TASK ITEM
Would you restate all of the entries verbatim, minus any images?
──────── DATA PROVIDED ────────
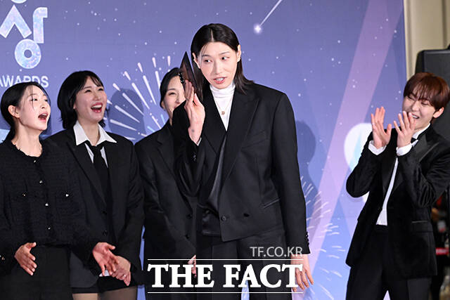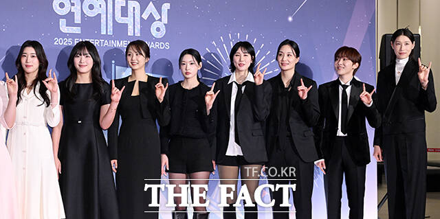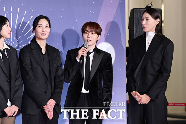 [더팩트ㅣ서예원 기자] 전 배구선수 김연경과 그룹 세븐틴의 승관을 포함한 '신인감독 김연경' 출연진들이 29일 오후 서울 마포구 MBC 미디어센터에서 열린 ‘2025 MBC 방송연예대상’ 레드카펫에 참석해 포즈를 취하고 있다.
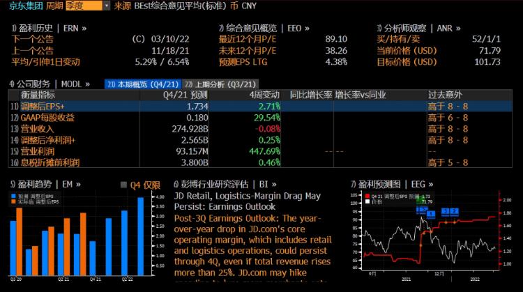 据彭博分析师预计,2021年Q4京东营收为2749.28亿元(人民币,下同),较去年同期实际营收2243亿元增长约22.6%;预计调整后净利润为25.65亿元、每股收益为1.734元。
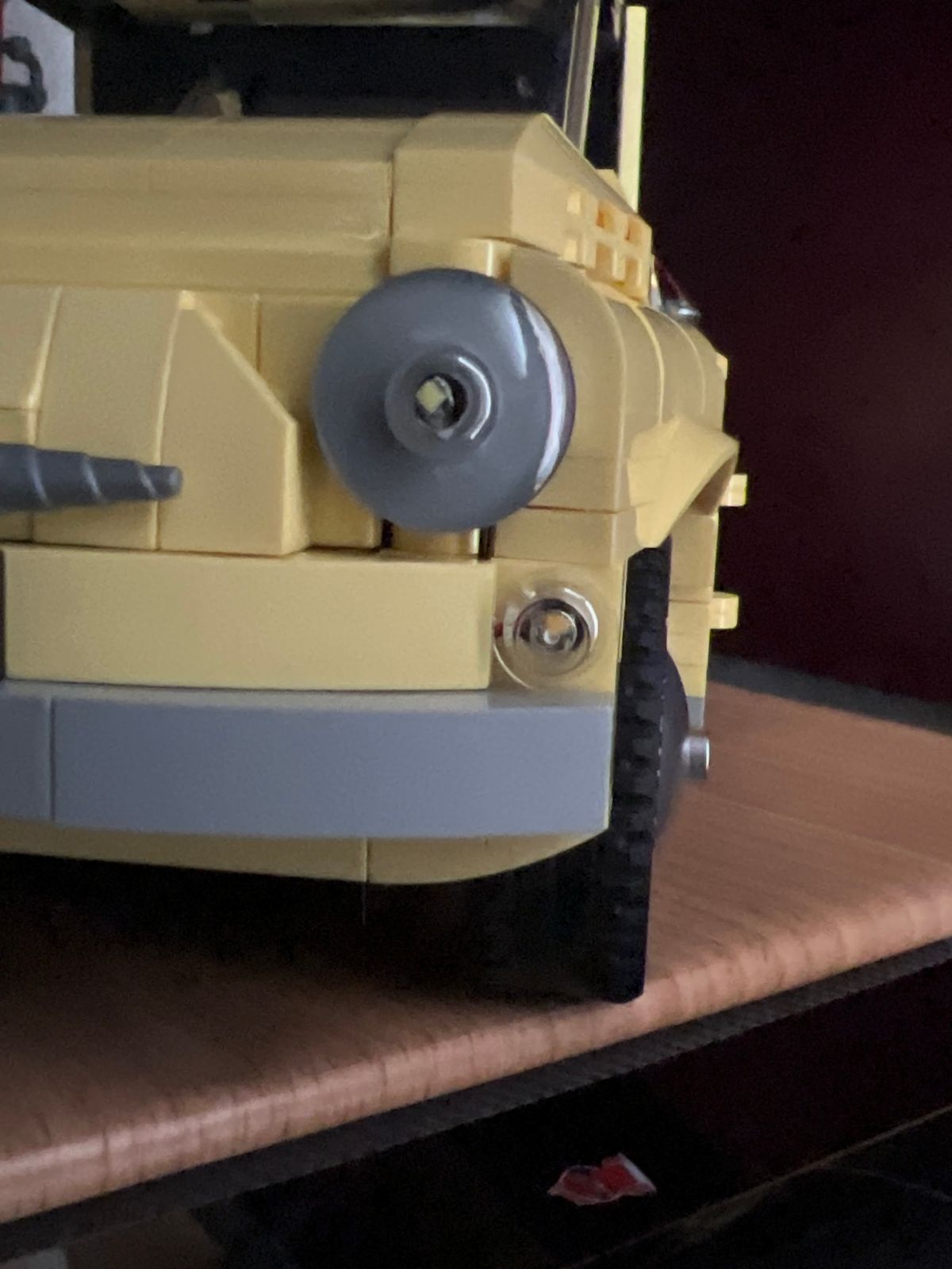 Considering the age of the original vehicle maybe 'warm white' would be a better colour choice for the headlights (like the London Bus) but still it is a great addition to her vehicle collection..
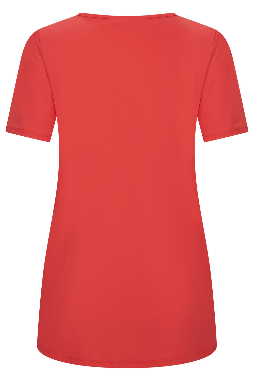 T-shirt met ronde hals en slanke mouw tot aan de elleboog.
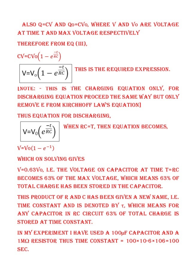 Conduct the experiment and record all the results in the observation. Aim- To verify that 63 charge is stored in a capacitor in a R-C circuit at its time constant and 63 charge remains when capacitor is discharged and hence plot a graph between voltage and time 2. How do you make a physics investigatory project.
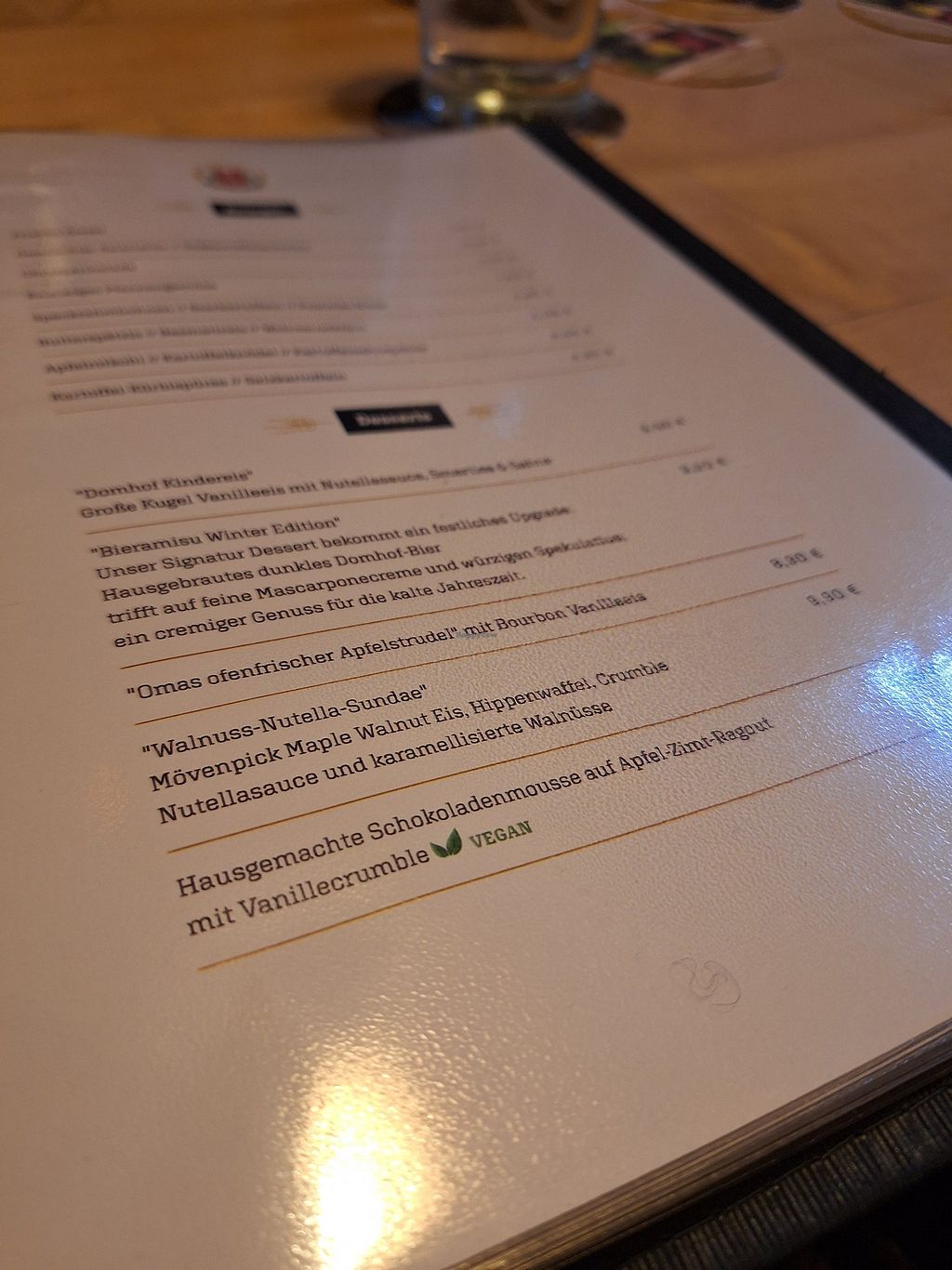 Ich war gestern mit Freunden seit längerer Zeit wieder beim Domhof essen. Momentan gibt es auf der Karte 4 vegane Gerichte
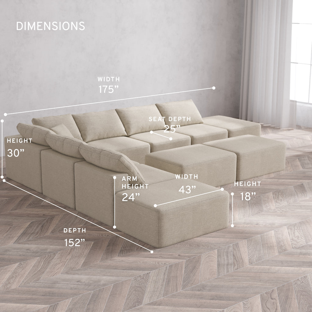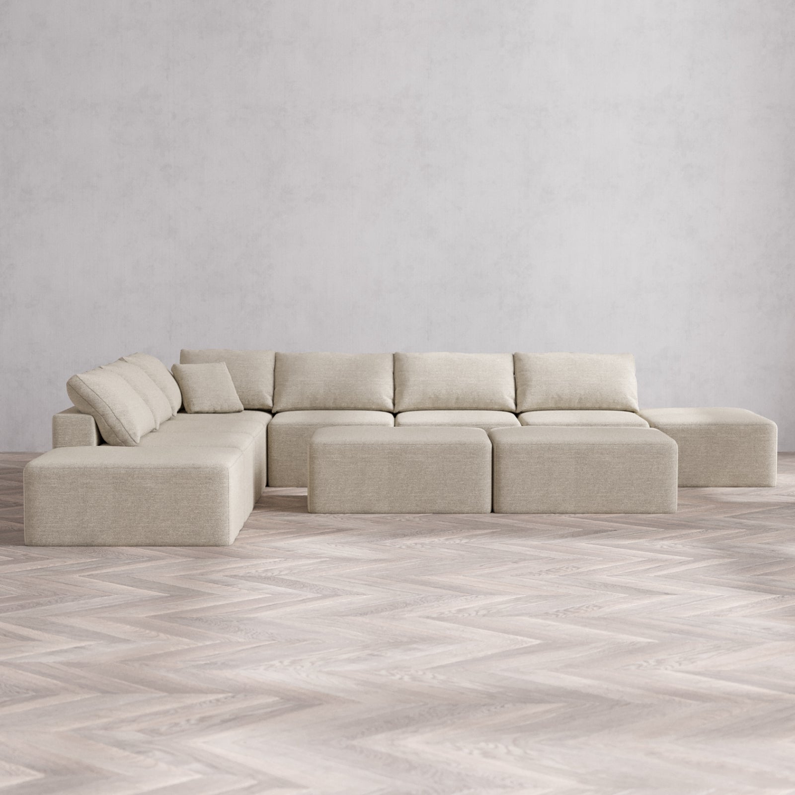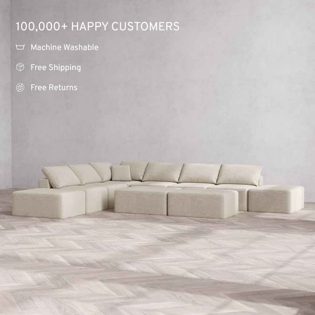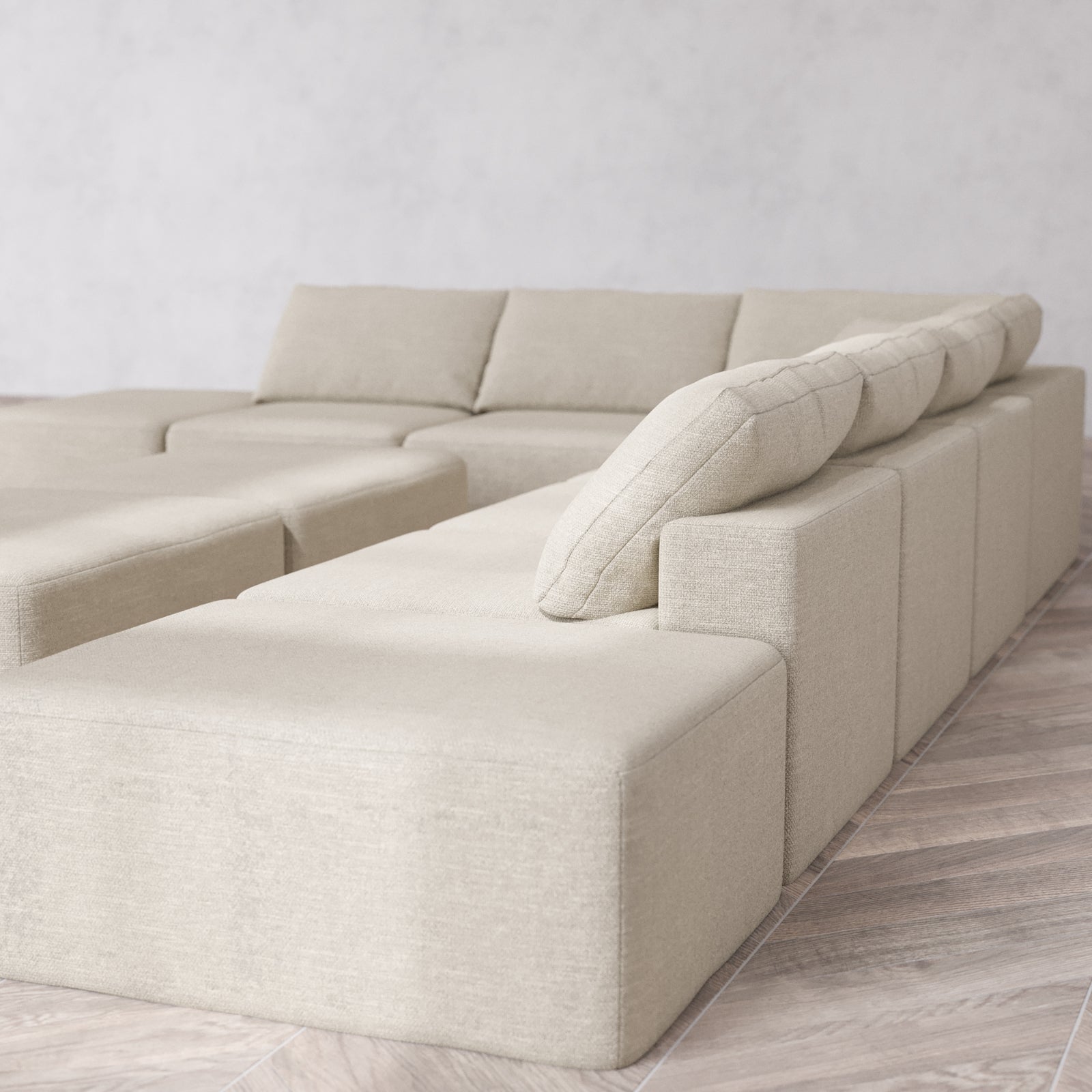 Modular Washable 8-Seater Open-Ends Corner Sectional + Chaise Ottoman Bench Cloud Sofa | Plush Twill in Sandstone
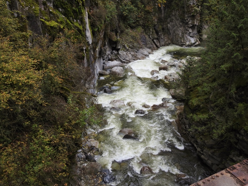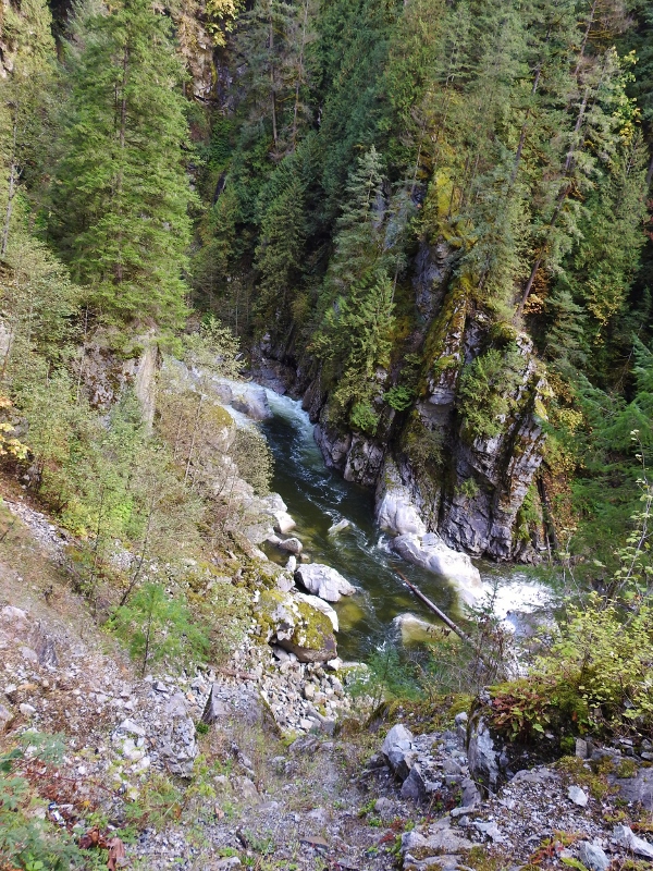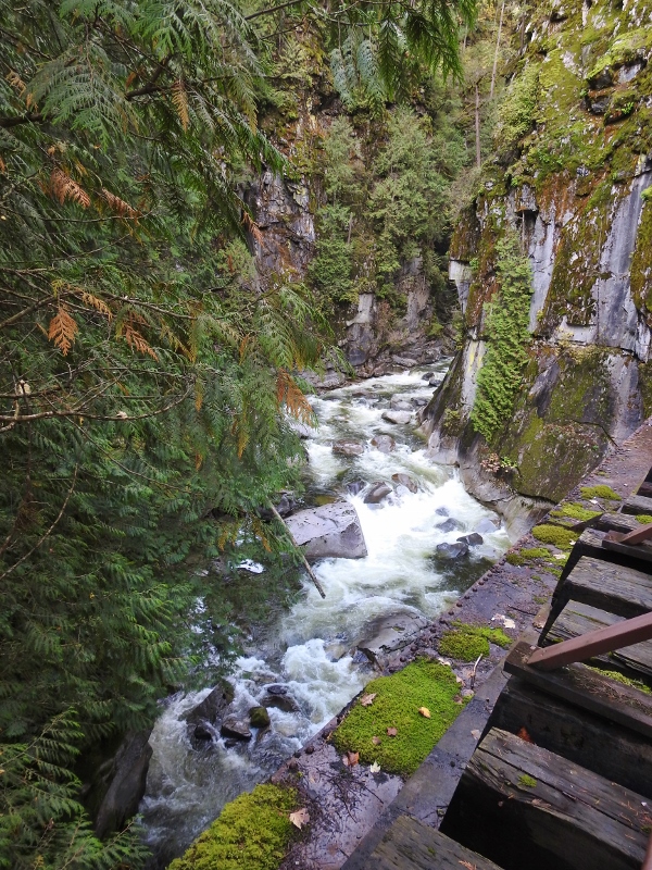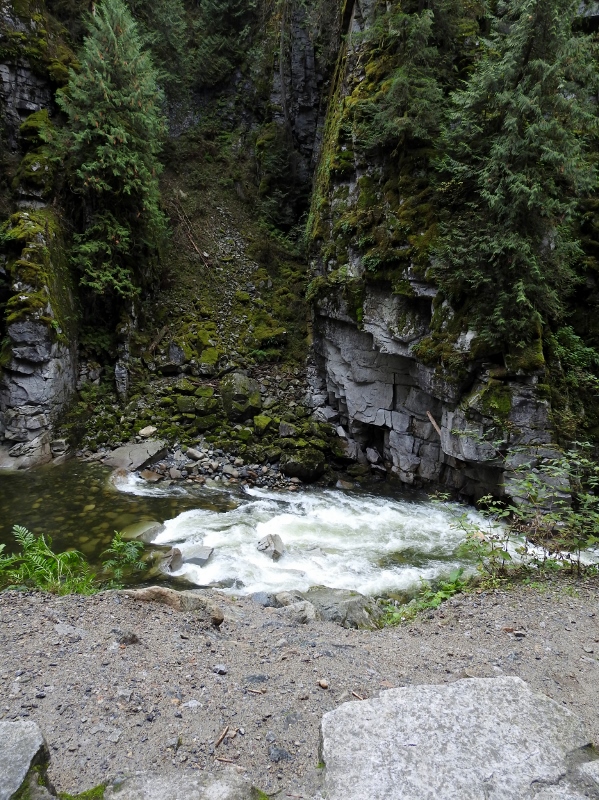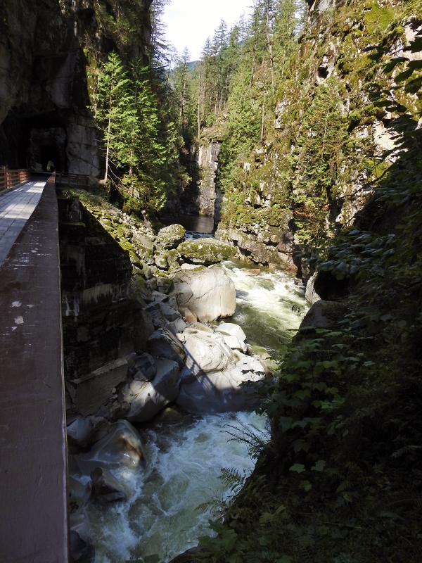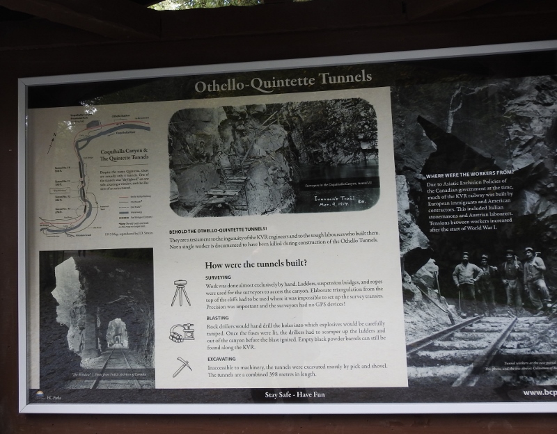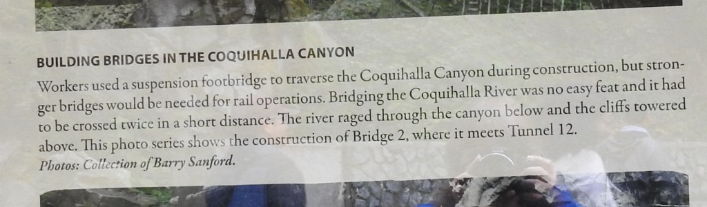 My daughter Angie has plans made for the days I will be here and everything sounds so great. Today’s excursion was out to Othello-Quintette Tunnels, which is in a Provincial Park. Here, the Coquihalla River has dug a deep canyon (Coquihalla Canyon) with its rushing waters. The tunnels go alongside the river and cross over it at times, since the river has many bends.
────────
ANSWER
 [더팩트ㅣ서예원 기자] 전 배구선수 김연경과 그룹 세븐틴의 승관을 포함한 '신인감독 김연경' 출연진들이 29일 오후 서울 마포구 MBC 미디어센터에서 열린 ‘2025 MBC 방송연예대상’ 레드카펫에 참석해 포즈를 취하고 있다.
 据彭博分析师预计,2021年Q4京东营收为2749.28亿元(人民币,下同),较去年同期实际营收2243亿元增长约22.6%;预计调整后净利润为25.65亿元、每股收益为1.734元。
 Considering the age of the original vehicle maybe 'warm white' would be a better colour choice for the headlights (like the London Bus) but still it is a great addition to her vehicle collection..
 T-shirt met ronde hals en slanke mouw tot aan de elleboog.
 Conduct the experiment and record all the results in the observation. Aim- To verify that 63 charge is stored in a capacitor in a R-C circuit at its time constant and 63 charge remains when capacitor is discharged and hence plot a graph between voltage and time 2. How do you make a physics investigatory project.
 Ich war gestern mit Freunden seit längerer Zeit wieder beim Domhof essen. Momentan gibt es auf der Karte 4 vegane Gerichte
 Modular Washable 8-Seater Open-Ends Corner Sectional + Chaise Ottoman Bench Cloud Sofa | Plush Twill in Sandstone
 My daughter Angie has plans made for the days I will be here and everything sounds so great. Today’s excursion was out to Othello-Quintette Tunnels, which is in a Provincial Park. Here, the Coquihalla River has dug a deep canyon (Coquihalla Canyon) with its rushing waters. The tunnels go alongside the river and cross over it at times, since the river has many bends.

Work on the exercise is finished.